The CVE-2022-44760 vulnerability allows the execution of unsafe JavaScript in deployed applications due to an unsafe default file type filter policy in HCL Leap.
This vulnerability is a problem because it enables attackers to execute malicious JavaScript code, potentially leading to unauthorized access, data breaches, or other security threats, compromising the security and integrity of the deployed applications.
This vulnerability allows an attacker to inject malicious scripts into deployed applications through improperly sanitized SVG files in HCL Leap.
This vulnerability is a problem because it enables client-side script injection, which can lead to unauthorized access, data theft, and other malicious activities, potentially compromising the security and integrity of the affected applications.
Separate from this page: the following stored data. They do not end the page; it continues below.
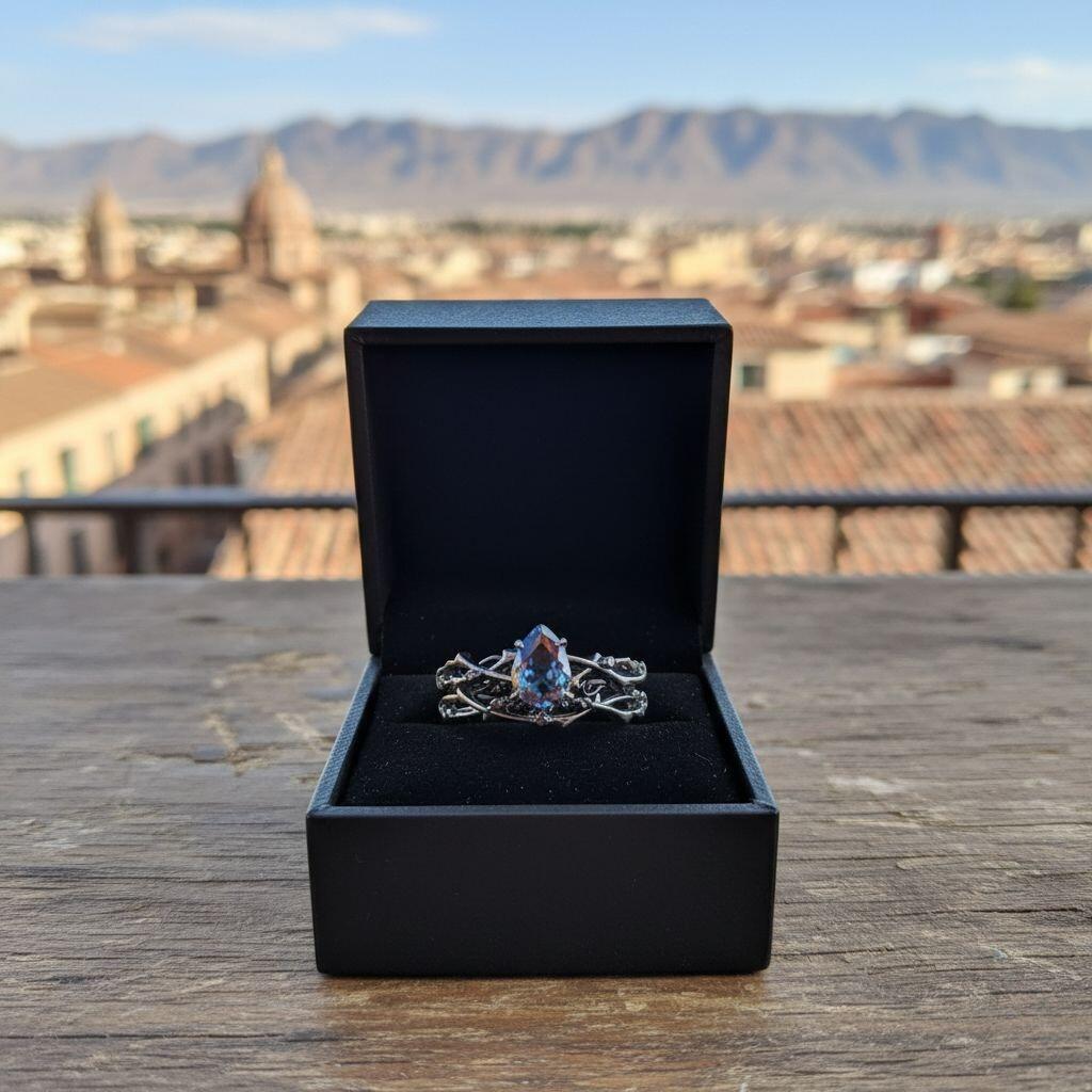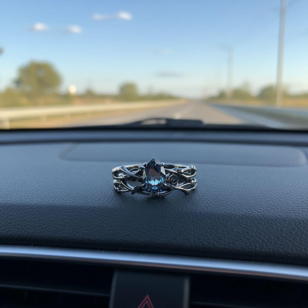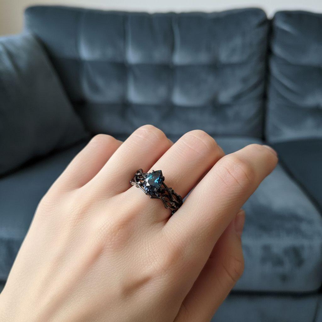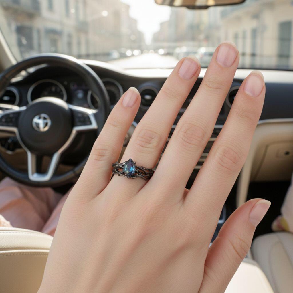 • - Design: Intertwining vine band cradling a dewdrop-like gemstone
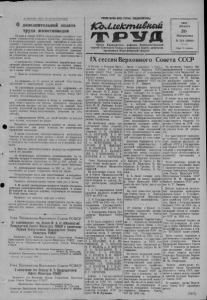 В ОБКОМЕ КПСС И ОБЛИСПОЛКОМЕ О дополнительной оплате труда животноводов На днях в обкоме КПССи облисполкоме состоялось совещание специалистов сельского хозяйства, работников научно-исследовательских учреждений, партийных и советских органов с участием группы председателей колхозов по вопросу дополнительной оплаты труда колхозников, занятых на работах в животноводстве. Были обсуждены применяемые в колхозах разных зон области поощрительные меры за увеличение производства продуктов животноводства и сохранение скота. 15 результате обмена мнениями выработаны следующие рекомендации колхозам на период зилне- стойтового содержания скота с 1 декабря 1957 года до 1 июня 1958 года: 1. Ввести дополнительную оплату за надои молока: а) дояркам—по 15 копеек за каждый литр молока, надоенный от закрепленной группы коров; б) скотникам, ухаживающим за коровами,—по 4 копейки за каждый литр молока, надоенный по гурту. Распределять дополнительную оплату поровну между скотниками, обслуживающими гурт; п) подвозчикам силоса и воды к скотным дворам, если в колхозе эти работы проводятся специально выделенными людьми,— по две копейки за каждый литр молока, надоенный на ферме. Распределять дополнительную оплату поровну между колхозниками, занятыми на этих работах; О заведующему МТФ—по одной копейке за каждый литр молока, надоенный на ферме. Выдавать дополнительную оплату за надои молока один или два раза в месяц по усмотрению правлений колхозов. В целях повышения заинтересованности колхозников, занятых на вывозке грубых кормов с нолей на фуражные склады, в быстрейшей вывозке сева и соломы выработать и утвердить им дополнительную оплату по усмотрению колхозов. 2. Ввести дополнительную оплату за сохранение скота от падежа: а) телятницам, скотникам, ухаживающим за телятами старше 6 месячного возраста, свинаркам и чабанам выдавать ежемесячно от 100 до 150 рублей за полное сохранение скота по закрепленной группе животных: б) заведующим фермами—от 200 до 300 рублей еж емесячно за полное сохранение скота на ферме. Поощрительные меры для зоотехников и ветработников выработать в колхозе, исходя из местных условий. Выдавать дополнительную оплату один раз в месяц. 3. В целях ликвидации яловости коров выдавать дояркам единовременное вознаграждение в сумме 20 рублей за каждую корову, слученную не позднее 30 дней после отела. Выдавать эти средства один раз в месяц. 4. Рекомендовать колхозам за прогулы или другие нарушения трудовой дисциплины и распорядка дня на фермах снижать или лишать дополнительной оплаты работников ферм. Указ Президиума Верховного Совета РСФСР 03 освобождении тов. Яснова М. А. от обязанностей Председателя Совета Министров РСФСР и назначении Первым Заместителем Председателя Совета Министров РСФСР Назначить тон. Яснова Михаила Алексеевича Первым Заместителем Председателя Совета Министров РСФСР, освободив его от обязанностей Председателя Совета Министиов РСФСР. 1 Председатель Президиума Верховного Совета „ РСФСР М. ТАРАСОВ. Секретарь Президиума Верховного Совета РСФСР И. ЗИМИН. Аосква, 19 декабря 1957 г. Указ Президиума Верховного Совета РСФСР Оназначении тов. Козлова Ф, Р, Председателем Совета Министров РСФСР Назначить тов. Козлова Фрола Романовича Председателем Совета Министров РСФСР. Председатель Президиума Верховного Совета РСФСР М. ТАР
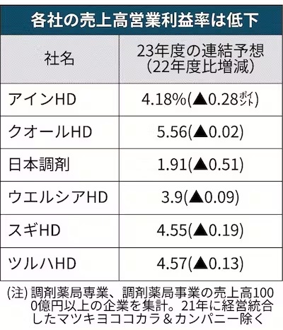 調剤6社、収益率悪化 今年度、報酬改定が直撃
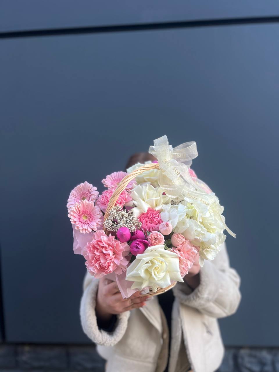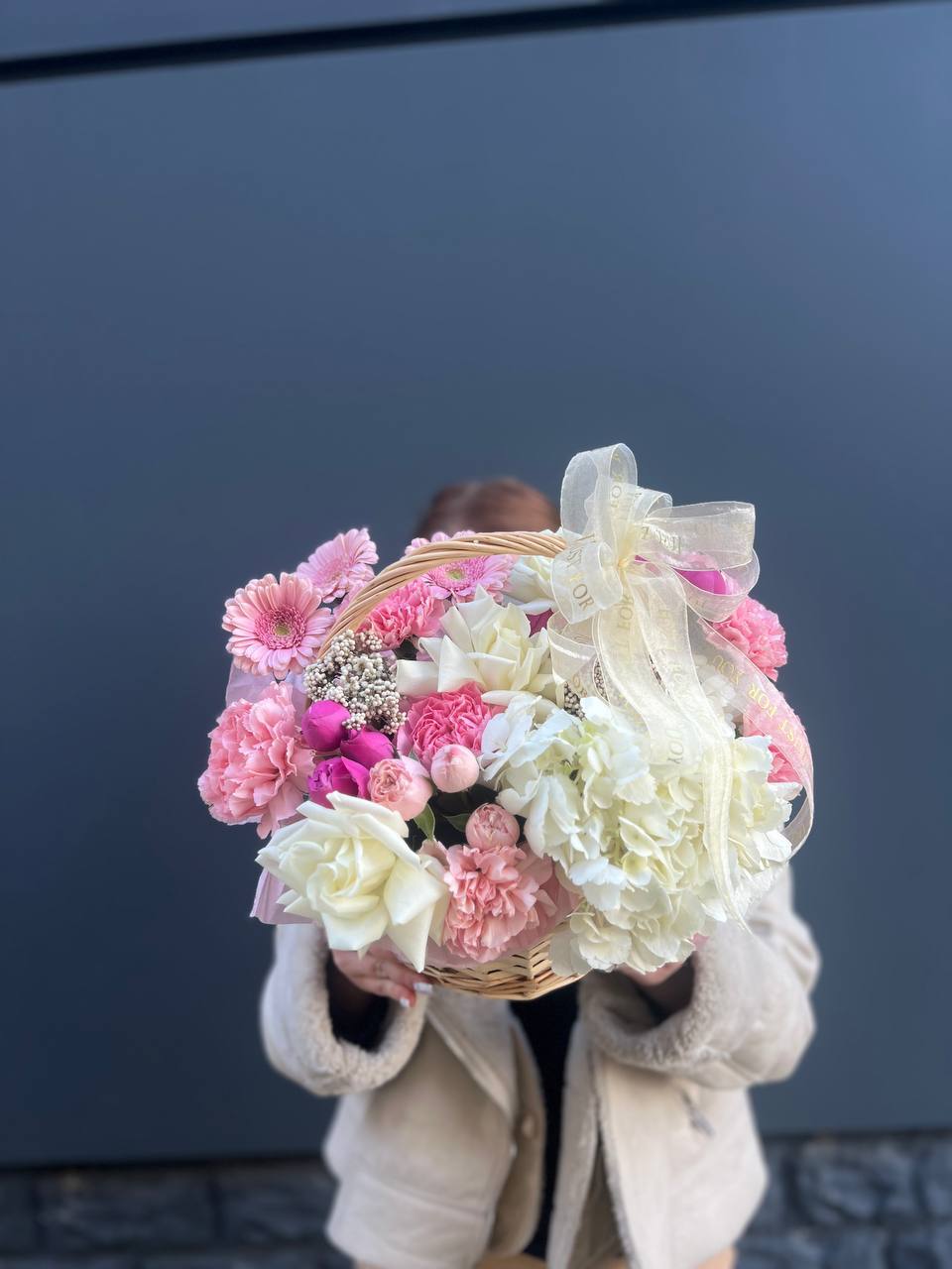 Солнечная мимоза встречается с тюльпанами и пионовидными розами Мисти Бабблс. Весенняя палитра собрана в корзине, где каждый цветок занимает свое место в общем ритме.
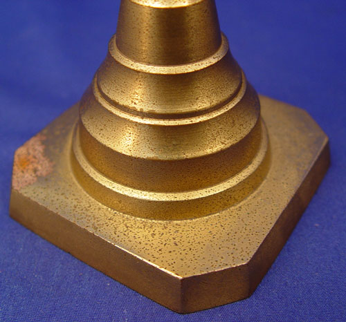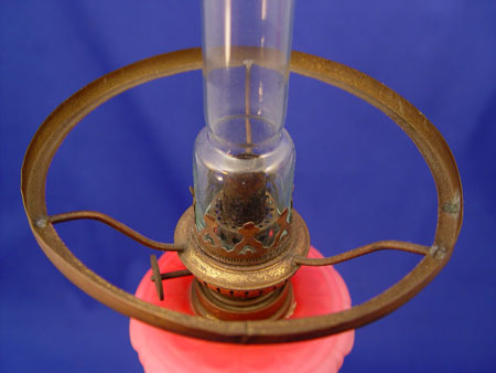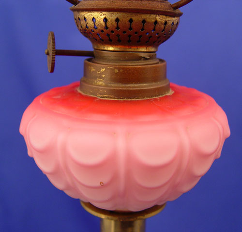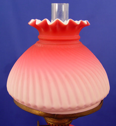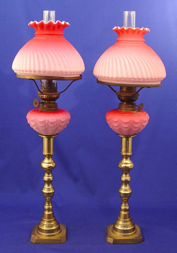 PAIR PINK SATIN GLASS PEG OIL LAMPS WITH SHADES: Removable ''peg'' lamps fit into most candlesticks. These sticks are 10'' tall brass. The swirl glass shades have a 5'' fitter rim. The lamps are complete with glass chimneys. 21''h overall.
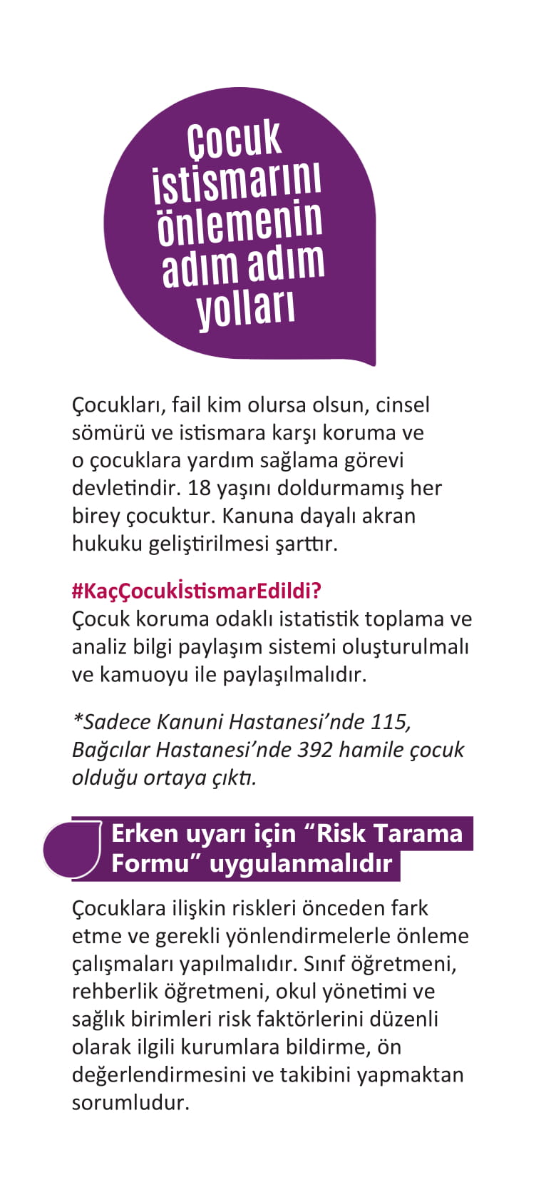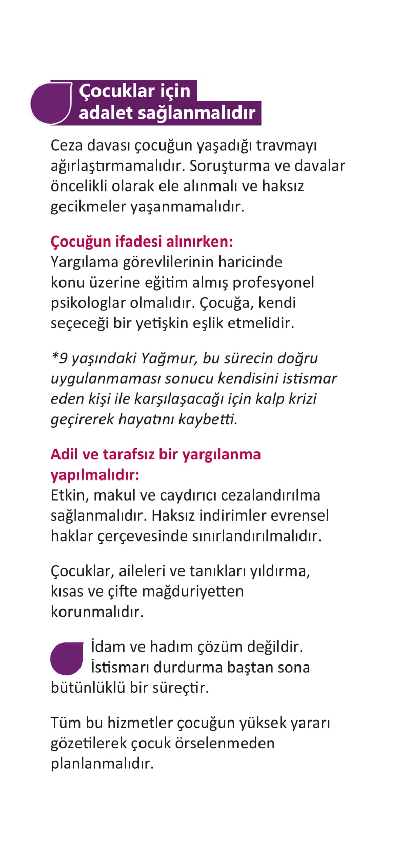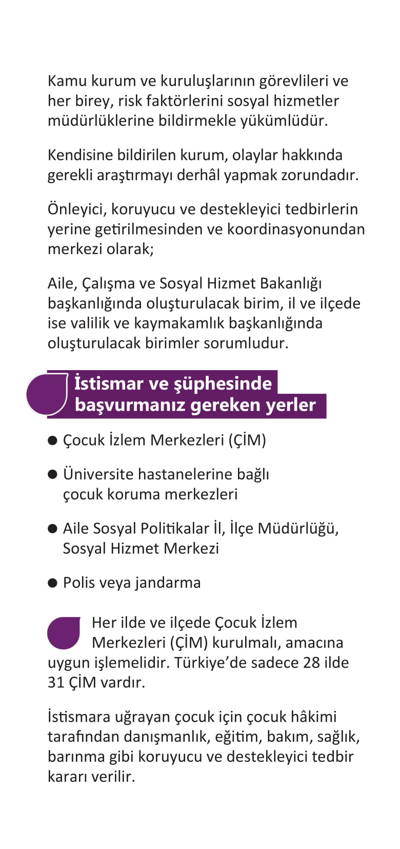 Çocuk istismarını durdurmak için öncelikle istismar suçu oluşmadan önüne geçmek önemlidir. Herkes bu broşürde adı geçen tüm kurumlara çocuklarının yüksek yararı için neler yaptığını sorabilir ve çocukların haklarının peşinde olabilir. Yasaların uygulanması ile ilgili bir ihlal, ihmal ya da zorluk yaşandığını düşünüyorsanız bize başvurun.
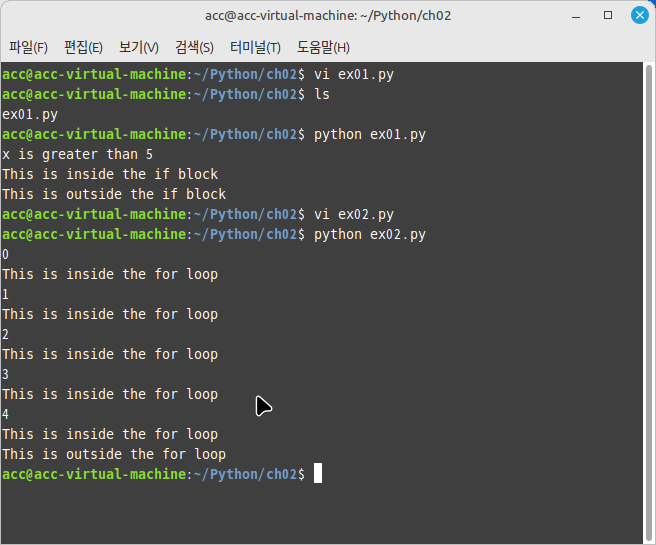 이 예시에서는 for 루프 내부에 들여쓰기 된 두 줄의 코드가 있습니다. 이 코드는 루프가 실행될 때마다 반복됩니다. 루프가 끝나면 들여쓰기가 되지 않은 코드가 실행됩니다.
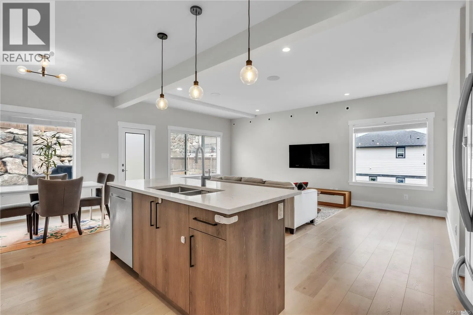 Soak in the views from this thoughtfully designed Bear Mountain home, offering nearly 2,800 sq ft, including a legal 1-bed ground-level suite. The main floor features a bright kitchen with island seating, stainless steel appliances, and an open breakfast nook + family room layout as well as a separate living/dining room with a gas fireplace and front deck to take in the sprawling views. Upstairs, youâll find a spacious bedrooms with breathtaking views from the primary + walk-in closet and ensuite with heated floors. Additional comfort upgrades include air conditioning, heated floors in the main bath, and central vac system. Built Green certified with quality finishes throughout, this home also has landscaping with irrigation, garden bed, a gas BBQ hookup, double car garage, and a fully fenced yard. Enjoy the Bear Mountain lifestyle with world-class golf, dining, and amenities just minutes from your door. (id:27476)
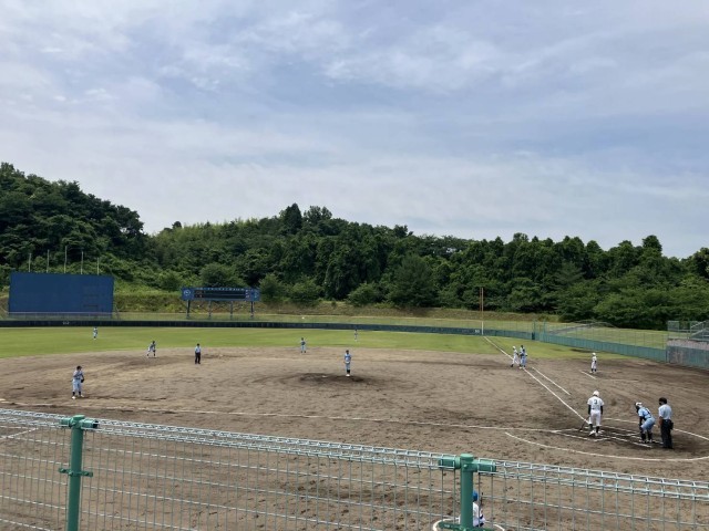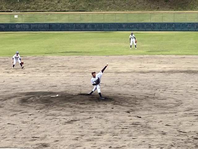 初回に先制し、そこからは本校投手が先発し、好守備に助けられながらも0点に抑えていました。6回裏に同点に追いつかれ、7回タイブレークとなり、7回表に2点とり、最後の7回裏の守備ではピシャリと抑え、3-1で本校投手は103球の力投で完投勝利となりました。
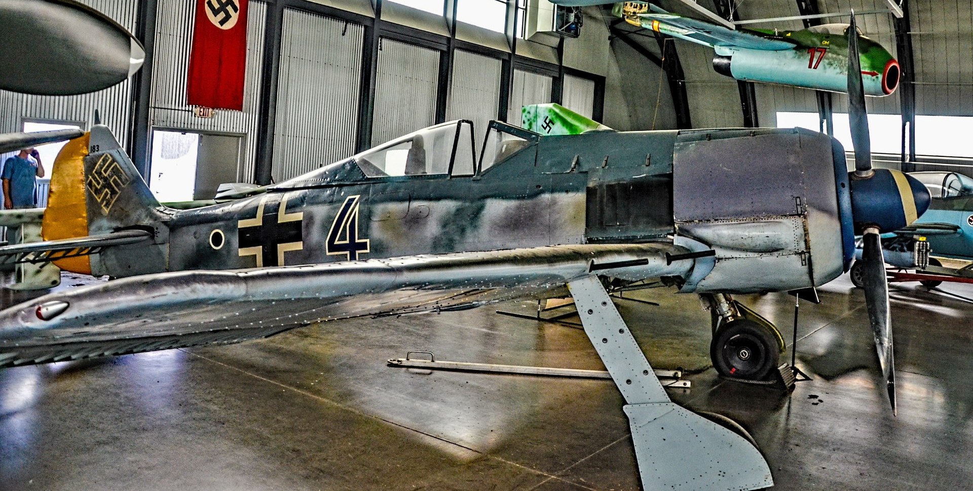 Focke-Wulf Fw 190 A-5/U3 (Wk. Nr. 151227), “White A“, coded DG+HO, 4./JG54. This aircraft was flown by Paul Rätz of JG 54 when it crash landed in a forest in Voibakala near Saint Petersburg on 9 July 1943 due to sabotage of the oil lines. It was discovered in the same location in 1988 or 1989 and was recovered in 1990 or 1991. Reg. No. N19027. It is currently the only airworthy Fw 190 with an original BMW 801 engine.
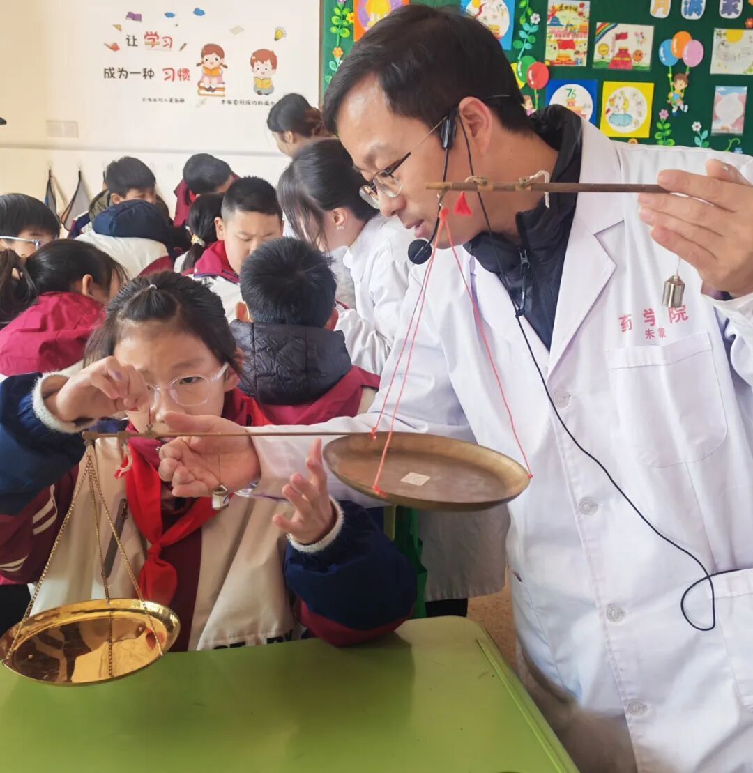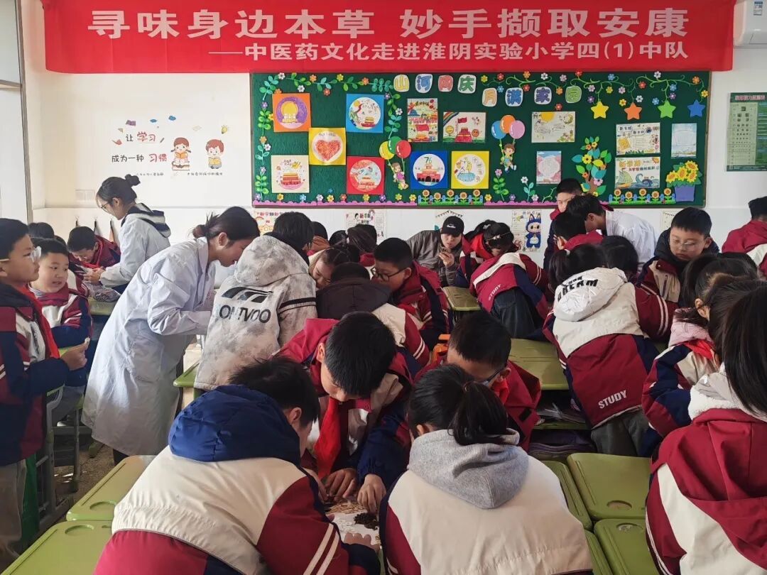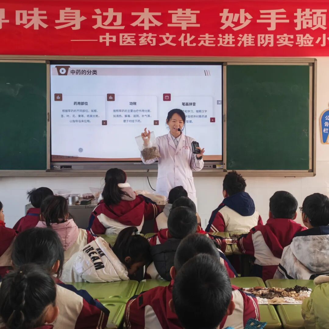 当馥郁的药香飘进明亮的教室;当小小手掌小心翼翼地称量、封装草药;当中医医师用生动的讲解揭开中医药的神秘面纱。少先队校外辅导员带着“中医药文化”走进淮安市淮阴实验小学四(1)中队,一场传统文化的传承之旅正在校园里悄然开启。
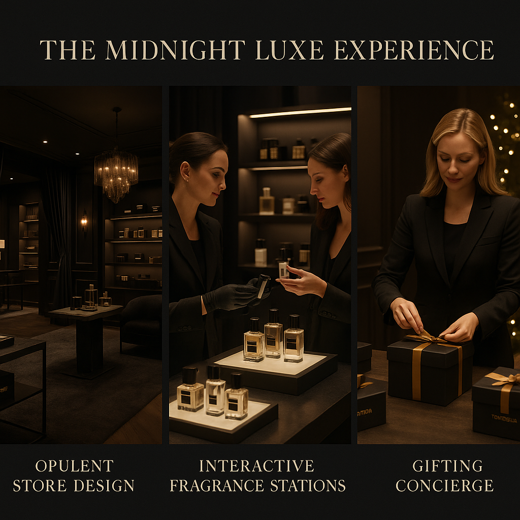 - Social Media Engagement: Encouraging customers to share their pop-up experiences via Instagram using the hashtag #MidnightLuxe, with selected posts receiving exclusive Tom Ford gifts.
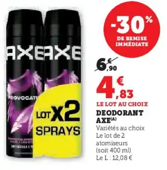 Deodorant axe : offres et promos Super U à découvrir

The iSTAR Configuration Utility (ICU) tool has a buffer overflow issue under certain circumstances, which means that more data is written to a buffer than it is designed to hold, potentially causing the program to crash or allowing malicious code to be executed.
This vulnerability is a problem because it could allow an attacker to gain unauthorized access to the system, execute malicious code, or cause the system to become unstable, potentially leading to data loss or disruption of service.
The CVE-2025-43859 vulnerability affects the h11 Python library, which implements HTTP/1.1, allowing for request smuggling due to lenient parsing of line terminators in chunked-coding message bodies.
This vulnerability is a problem because it can be exploited to smuggle malicious requests, potentially leading to unauthorized access, data breaches, or other security issues, especially when combined with a buggy proxy server.
The CVE-2025-43858 vulnerability allows malicious commands to be injected when using the YoutubeDLSharp wrapper to download videos on Windows, specifically when the `UseWindowsEncodingWorkaround` value is set to true, which is the default behavior for built-in methods.
This vulnerability is a problem because it enables attackers to execute arbitrary commands on a user's system, potentially leading to unauthorized access, data theft, or other malicious activities, especially since the default setting makes it difficult for users to disable the vulnerable behavior.
The SAP NetWeaver Visual Composer Metadata Uploader vulnerability allows an unauthenticated user to upload malicious executable files to the system without proper authorization.
This vulnerability is a problem because it enables attackers to upload harmful files that can severely damage the host system, compromising its confidentiality, integrity, and availability.